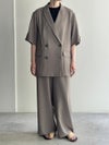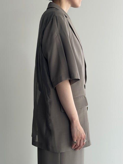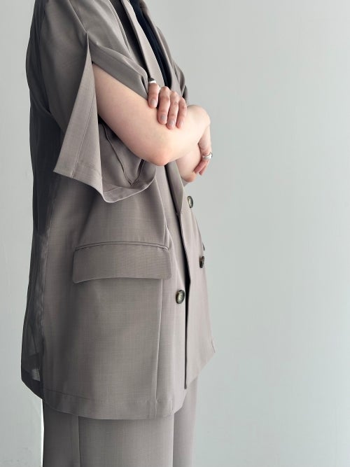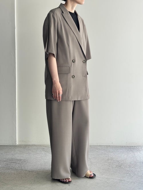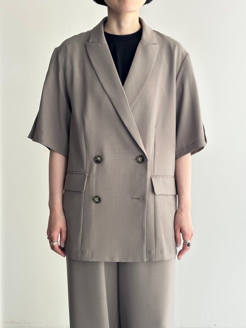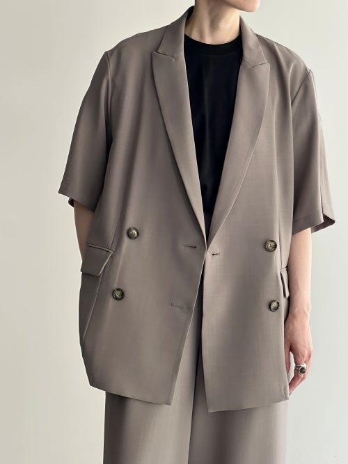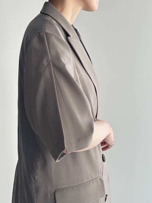 トラディショナルなダブルのデザインを、軽やかな半袖とゆとりのあるボックスシルエットで現代的にアップデートしました。肌離れの良いドライな質感と、優雅に揺れる落ち感が洗練されたムードを演出。シャツ感覚で羽織れる軽快さを持ちながら、大人の品格をしっかりとキープしてくれる夏の新定番アウターです。
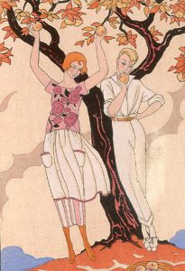 Quatrième année. Paris, Meynial, in-32, 128 p., cartonnage de soie argentée, décoré sur les plats d'une frise fleurie, et d'une composition sur le premier plat, tranches dorées, gardes de papier imprimé au pochoir, jaquette et étui décorés (jaq. et étui défraîchis avec traces de manipulation). L'almanach lui-même est en parfait état. Imprimé par P.L. Schmied. Ravissant almanach entièrement décoré par George Barbier : couverture, 6 compositions en couleurs hors texte et nombreux bandeaux en noir et turquoise. Textes de la comtesse de Noailles, Albert Flament, Jean-Louis Vaudoyer.
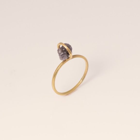 טבעת זהב 18 קראט בעבודת יד עם יהלום גולמי אפור תלוי
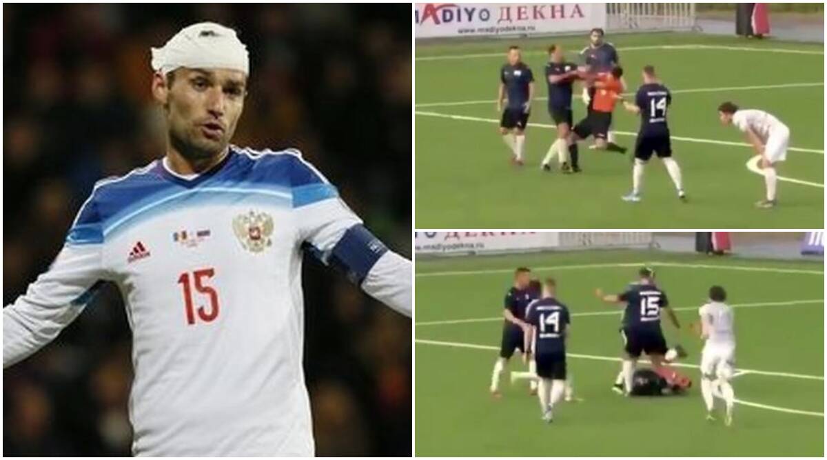 Đau cho ông trọng tài này khi chỉ bắt một trận đấu nghiệp dư ở thủ đô Moscow, nhưng lại dính chấn thương nặng từ một cựu cầu thủ chuyên nghiệp.
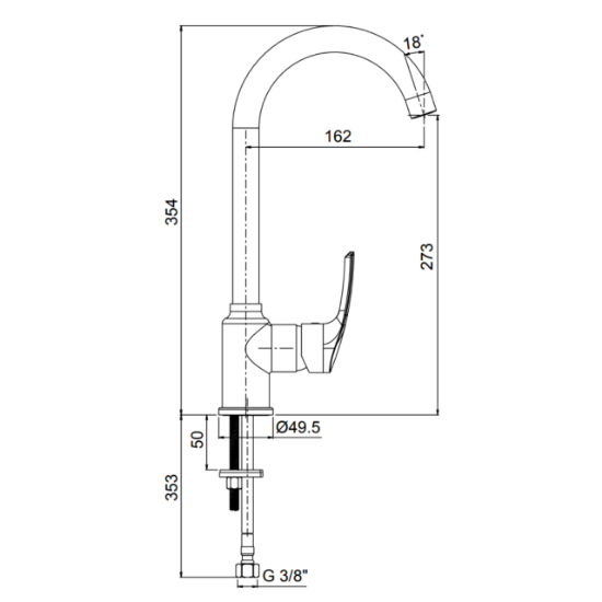- Handle operates forwards and backwards - 85mm space is required behind the tap (from the centre of the tap hole to the splashback)
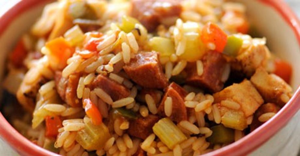 Jambalaya es un plato típico Cajún, propio de Lousiana (EEUU). Jambalaya quiere decir en sentido figurado mezcla, y en este caso es una mezcla de arroz con guiso de pollo
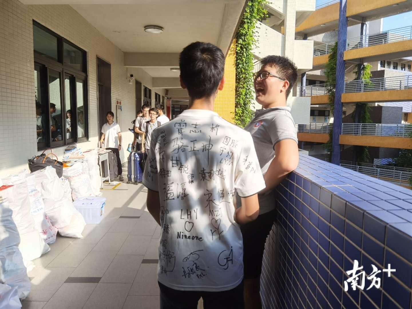 ▲考试结束后,顺德德胜学校的唐同学邀请全部男同学在他的校服上签名留念。
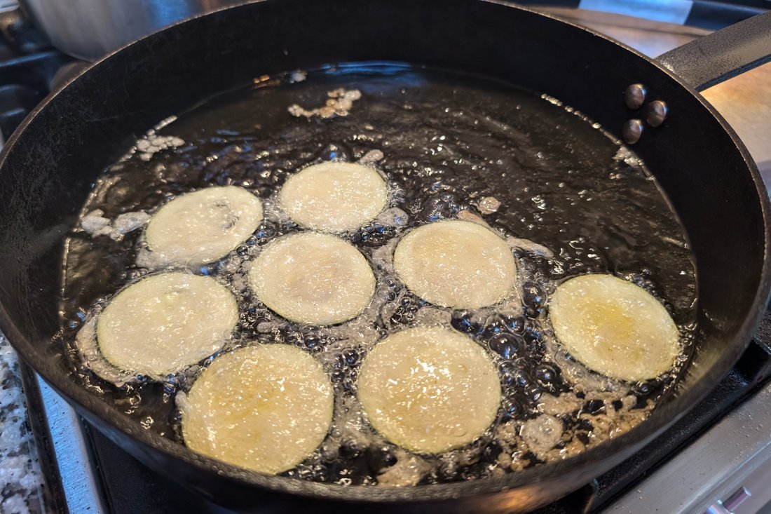 Verhit de olie in een koekenpan, u kunt ook een frituurpan gebruiken, en bak de courgetteplakjes aan beide kanten bruin.
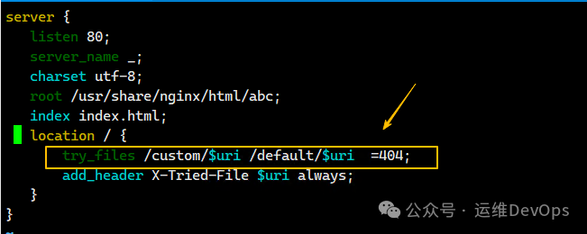 变量),查看响应头信息,可以看到X-Tried-File,如图:3、检查静态文件是否存在,不存在直接返回404,如图:请求gong.txt,既不存在此文件也不存在此目录,因此直接返回404,如图:4、访问页面,直接返回状态码,适合维护页面,如图:在abc目录下定义maintenace.html(名字要与nginx配置名字一致),然后通过192.168.49.83请求,如图:上面配置理解为:如果请求/hello,那么匹配/custom/hello,如果匹配不到就继续匹配/default/hello,如果都匹配不到就返回404(1)、在abc目录下新建custom目录并在内部创建gong.txt文件,新建default目录并在内部新建guan.txt,通过url请求,如图:
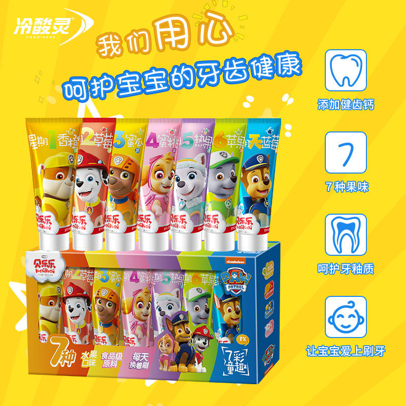 Cold and sour spirit Wang Wang Wang team Beille 7 color children toothpaste 2-6-12 years old and above non-fluorine mild fruit flavor set
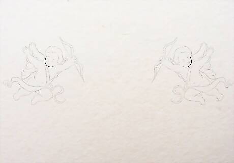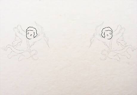 Make small "u" shapes on both sides of Jesus. You can make both the cherubim simultaneously to get the shapes about right or you can draw one after another. These u shapes will be for the face of the cherubim and will be smaller than Jesus's face.
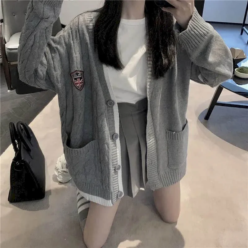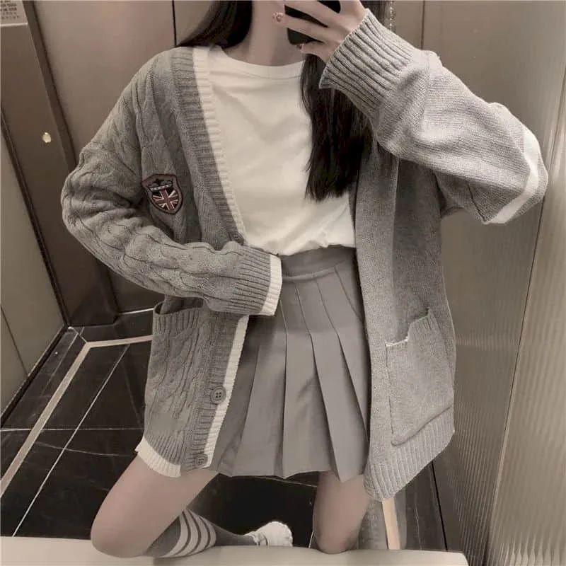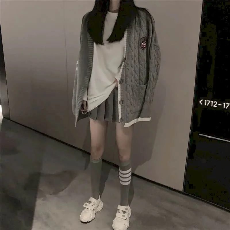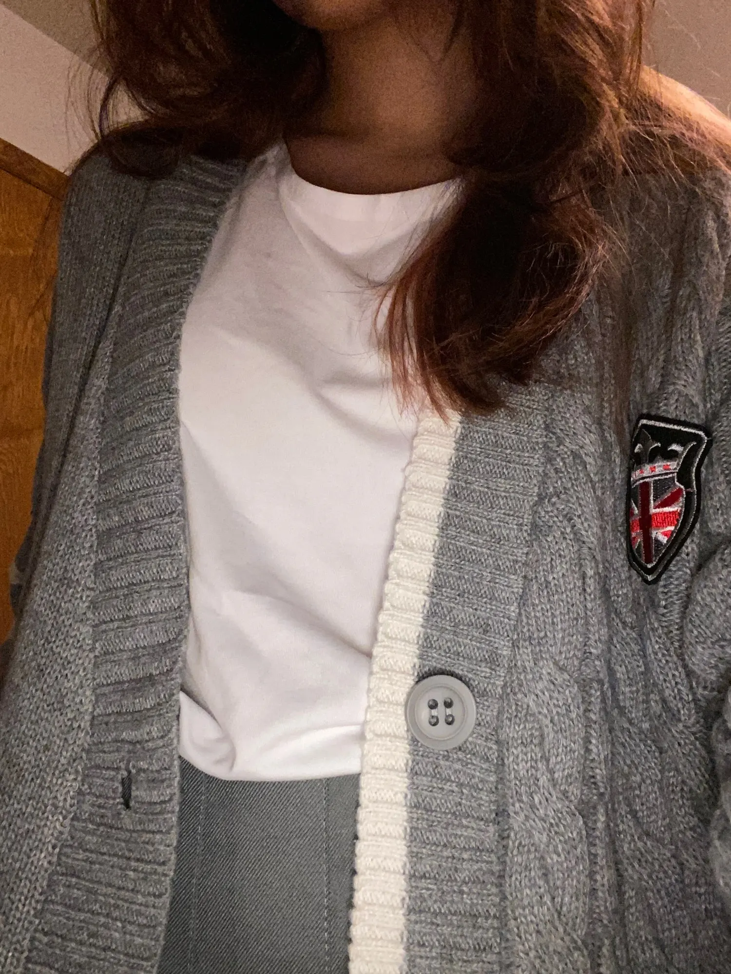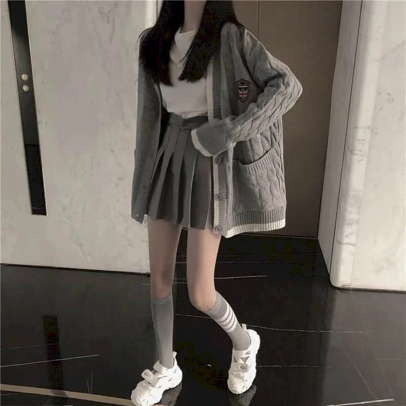 Вязаный свитер-кардиган, белая футболка с длинным рукавом и серая плиссированная юбка, костюмы-тройки в стиле преппи, весна-осень

++++++++++++++++++++

• [To do] Your copy of the entries must be exact and must contain no pictures.

• [Finished exercise]
 トラディショナルなダブルのデザインを、軽やかな半袖とゆとりのあるボックスシルエットで現代的にアップデートしました。肌離れの良いドライな質感と、優雅に揺れる落ち感が洗練されたムードを演出。シャツ感覚で羽織れる軽快さを持ちながら、大人の品格をしっかりとキープしてくれる夏の新定番アウターです。
 Quatrième année. Paris, Meynial, in-32, 128 p., cartonnage de soie argentée, décoré sur les plats d'une frise fleurie, et d'une composition sur le premier plat, tranches dorées, gardes de papier imprimé au pochoir, jaquette et étui décorés (jaq. et étui défraîchis avec traces de manipulation). L'almanach lui-même est en parfait état. Imprimé par P.L. Schmied. Ravissant almanach entièrement décoré par George Barbier : couverture, 6 compositions en couleurs hors texte et nombreux bandeaux en noir et turquoise. Textes de la comtesse de Noailles, Albert Flament, Jean-Louis Vaudoyer.
 טבעת זהב 18 קראט בעבודת יד עם יהלום גולמי אפור תלוי
 Đau cho ông trọng tài này khi chỉ bắt một trận đấu nghiệp dư ở thủ đô Moscow, nhưng lại dính chấn thương nặng từ một cựu cầu thủ chuyên nghiệp.
- Handle operates forwards and backwards - 85mm space is required behind the tap (from the centre of the tap hole to the splashback)
 Jambalaya es un plato típico Cajún, propio de Lousiana (EEUU). Jambalaya quiere decir en sentido figurado mezcla, y en este caso es una mezcla de arroz con guiso de pollo
 ▲考试结束后,顺德德胜学校的唐同学邀请全部男同学在他的校服上签名留念。
 Verhit de olie in een koekenpan, u kunt ook een frituurpan gebruiken, en bak de courgetteplakjes aan beide kanten bruin.
 变量),查看响应头信息,可以看到X-Tried-File,如图:3、检查静态文件是否存在,不存在直接返回404,如图:请求gong.txt,既不存在此文件也不存在此目录,因此直接返回404,如图:4、访问页面,直接返回状态码,适合维护页面,如图:在abc目录下定义maintenace.html(名字要与nginx配置名字一致),然后通过192.168.49.83请求,如图:上面配置理解为:如果请求/hello,那么匹配/custom/hello,如果匹配不到就继续匹配/default/hello,如果都匹配不到就返回404(1)、在abc目录下新建custom目录并在内部创建gong.txt文件,新建default目录并在内部新建guan.txt,通过url请求,如图:
 Cold and sour spirit Wang Wang Wang team Beille 7 color children toothpaste 2-6-12 years old and above non-fluorine mild fruit flavor set
 Make small "u" shapes on both sides of Jesus. You can make both the cherubim simultaneously to get the shapes about right or you can draw one after another. These u shapes will be for the face of the cherubim and will be smaller than Jesus's face.
 Вязаный свитер-кардиган, белая футболка с длинным рукавом и серая плиссированная юбка, костюмы-тройки в стиле преппи, весна-осень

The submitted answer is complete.